Part 4 of 1 : Checking the Basics
1. Check your speed:
Use Comcast Xfinity Speed Test to find out what your download and upload speeds actually are. This will be used as a diagnostic tool.
2. Test to see if your bandwidth is being limited :
If your connection seems to drop off during peak hours or partway through downloads, Comcast may be throttling your bandwidth.
3. Find at what speed you’re paying for :
Compare the speeds you got from the test to the speed level which you’re paying for. You may have to call Comcast to find this out. You can also ask about possible throttling, if you discovered this during the previous step.
- If you are getting the speed you’re paying for but find that this is too slow, you may want to upgrade.
4. Check the usage:
Are several people in your house all using the internet at once? Is anyone downloading something big, like a movie or playing an online game? This can significantly slow your internet.
5. Make sure you have a secure wireless connection :
Much like the above, if your neighbors are putting pressure on your bandwidth by using your internet, everyone will have slower internet.
Part 2 of 4 : Checking your Computer
Make your computer run faster :
An overworked processor will bog down even the fastest internet connection.
2. Check on your virus software :
First, run a scan for viruses and other malware. A virus will significantly slow your connection. Then, make sure that the software itself isn’t slowing the system too much. Many common anti-virus programs can slow your system down significantly.
- Try switching to a faster anti-virus program, like Avast!.
3. Consider switching browsers:
Some browsers are significantly faster than others. If you think the browser might be the issue, consider switching to Chrome, since this is usually the fastest browser (that is compatible with most sites).
4. Close programs which put pressure on your network :
Close programs which communicate with the internet (which are not currently in use). Examples of such programs include Skype and updating programs.
Part 3 of 4 : Checking your DNS server :
1. Consider your DNS server :
The DNS (or Domain Name System) Server is sort of like the phonebook for the internet. Your computer will choose one to use automatically, but using a bad one can be like the difference between using a 20lb paper phonebook and using Google. If nothing else works, consider manually finding a better DNS server. This can improve your internet speed by a significant amount.
2. Get a DNS resolution service:
These are programs which find the best DNS Server for you to use. A good, reliable, reputable one is Google’s “namebench” program.
3. Use the program to find the best DNS Server for your area :
It is usually the one which is geographically closest.
4. Change your computer’s settings: Change your computers settings to default to the recommended DNS Server. This is done differently depending on your operating system.
- On a PC, from the Control Panel click Network and Internet →Network and Sharing Center → Manage Network Connections. Right click the connection that you want to change and then click Properties. Click Networking → This connection uses the following items → Properties and then specify a DNS address in the specified area.
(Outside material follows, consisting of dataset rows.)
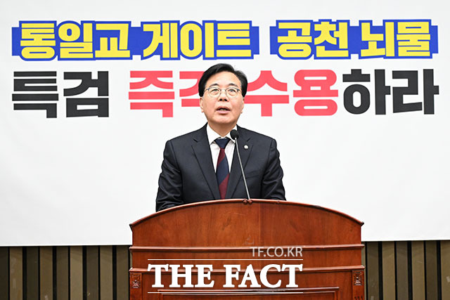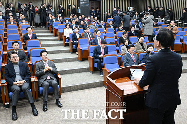 [더팩트ㅣ국회=남용희 기자] 송언석 국민의힘 원내대표가 9일 오후 서울 여의도 국회에서 열린 의원총회에서 모두발언을 하고 있다.
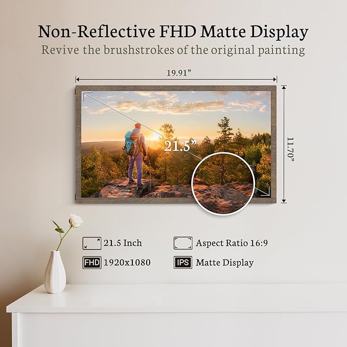 - 21.5 Inch FHD Matte Screen and Large Memory: BSIMB digital picture frame featured with 21.5 Inch 1920x1080 FHD IPS screen and an aspect ratio of 16:9, the digital frame displays stunning and clear images, which can revive the brushstrokes of the original painting. The digital photo frame built-in 32GB internal storage (holds 80,000+ pictures) with support for Micro SD Card (TF Card) and USB drive(Free bonus a USB drive). This digital picture frames also with a remote control making it perfect for older or less tech-savvy people to operate. NOTE:The battery type for this remote is AAA+, not included in the package.
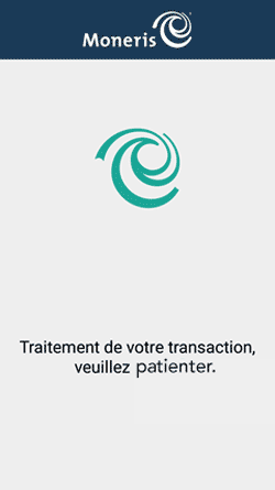 8. Le message « Traitement de votre transaction, veuillez patienter » s’affiche. Si le client insère une carte à puce, le message « Ne retirez pas votre carte » s’affiche également.  |
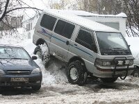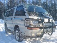Рассказываю... Давно была мечта лифтануть и вклячить большие катки. А тут еще коррозия по аркам. Вот и решил совместить полезное с приятным, тем более, как раз наткнулся на форуме на то, как это делал Леха. Проштудировал тему, посмотрел у кого что и решил тоже заморочиться. Связался с Лехой, он сделал проставки под шаровые. Далее, в один день загнал машину на работу (автосервис), предварительно купив швеллер 100-ку. Времени было начало второго по полудню. На работе какие-то уголки валялись - вварил их в качестве усилителя в швеллер. Почему-то, каким-то непонятным чутьем 2 швеллера сделал чуть длиннее. Видимо, т.к. у меня Л300, то еслть отличие. У меня лонжерон, а соответственно, и подркмник изогнуты. Т.е. получилось, что заднее крепление подрамника горизонтально, а переднее - под незначительным углом, вследствии которого, сместилась ось крепления, причем, ровно на 20 мм! Об этом я писал выше и фото прилагал. На изготовление проставок под балку убил пол-дня. Больше всего вымотало сверлить отверстия в швеллерах, ведь работая у официального дилера, инструмента почти нет, т.к. цитирую политику дилеров "у нас не мастерская, а сервис. Сломавшийся узел не ремонтируем, а меняем". Еще на складе не оказалось тормозных шлангов, пришлось бежать к ближайшему магазину и купить какие-то от Ауди. Время подходило к вечеру, а домой оч хотелось уехать на машине. Нашел какую-то трубу, которая внутренним диаметром оказалась чуть больше, чем рулевая тяга. сделал вертикальный распил по всей длинне трубы, плавно в тисках ее обжал до соответствия диаметров. Сделал еще раз распил (там же); распилил тягу пополам. Развернул рулевую рейку, чтоб не было угла между рейкой и рулевой тягой. Воткнул трубку по месту, капнул сваркой; снял получившуюся тягу и обварил ее сначала по кругу, а затем, для надежности, по продольному разрезу, который был заведомо шире необходимого. Тем самым, я увеличил площадь соединения рулевой трубки с рулевой тягой. При монтаже проставок убрал передние амортики (задних уже более года нет) Проставки ДВС решил не прикручивать к балке опоры, а приварить. Прикрутил проставки к подушкам ДВС и стал соединять с балкой. На удивление, все почти соответствовало посадочным местам. Разница в несколько мм. подкорректировал и обварил. Под радиатор сделал из листа стали 2 крепления. Время было начало одиннадцатого ночи, пора выдвигаться домой. Первое ощущение - СУПЕР! Это неописуемо, но попробую. Съезжаю с подъемника, ощущение, что сидишь в кабине КАМАЗа. Высоко! А ощущение усиливает тот факт, что морда задрана, а жопа осталась там же... Едешь - звезды рассматриваешь, а не дорогу Выруливаю к воротам и давлю на тормоз... Нет, я их предварительно прокачал, вопрос не в этом. Все помнят ощущения при покатушках на американских горках, когда после затяжного подъема тележка переваливается через первый перевал и со свистом несется вниз. Вот было нечто похожее! При нажатии на тормоз, передок плавно пошел вниз. Сложилось обманчивое ощущение, что машина клюнула на пол-метра! Следующее испытание... Привык, что обычно дверь открыл и на заднице, как с горки, съехал, естественно, пролетев какое-то расстояние. А тут лететь-то стало на 10 см больше... С непривычки чуть ногу не подвихнул, но ощущение полета понравилось. И вот, я поехал домой... Сравнимо с прогулкой на корабле! Высокая посадка кабины создава

- On a Mac, click System Preferences→ Network→ select your connection → Advanced → DNS and then add the new DNS server.
Part 4 of 4 : Checking your Router :
1. Properly situate your router :
If you have a big home, place it in a central location if possible. Don’t put it close to your modem or any other wireless devices, as this can cause line interference. (For example, a 2.4-ghz router may conflict with a 2.4-ghz phone.) If necessary, buy a longer cable to allow as much distance as possible between your modem and router.
2. Properly configure your router:
Type 192.168.1.1 in your internet address bar to connect to the router and fill in your user name and password. Once you have access, go to the Settings and make sure that the specifications listed here the ones recommended by Comcast. You can find these either in the information packet that you got when you first set up your internet or online.
- If you haven’t ever set up a username and password, use the default settings for your router, which can be found in the manual or searched online. The default username is often admin and the default password is often either password or left blank.
- To be safe, jot down your router’s current settings before modifying them. This will prevent you from making any major mishaps.
3. Consider getting a new router :
If the above suggestions fail, the problem may be that your router isn’t fast enough to accommodate the connection speed you’re paying for. Compare the mbps (megabytes per second) on any new candidates to the mbps on your old one to see what your options are. If you do online gaming or a lot of big downloads, you may even want a gigabyte router.
- Make sure the router is Comcast approved. Some may not function well with Comcast equipment.
- Try to get a wireless G or N router with WPA or WPA2 support, which provide better encryption protection than WEP. (If you have an older computer or laptop, make sure it supports this.)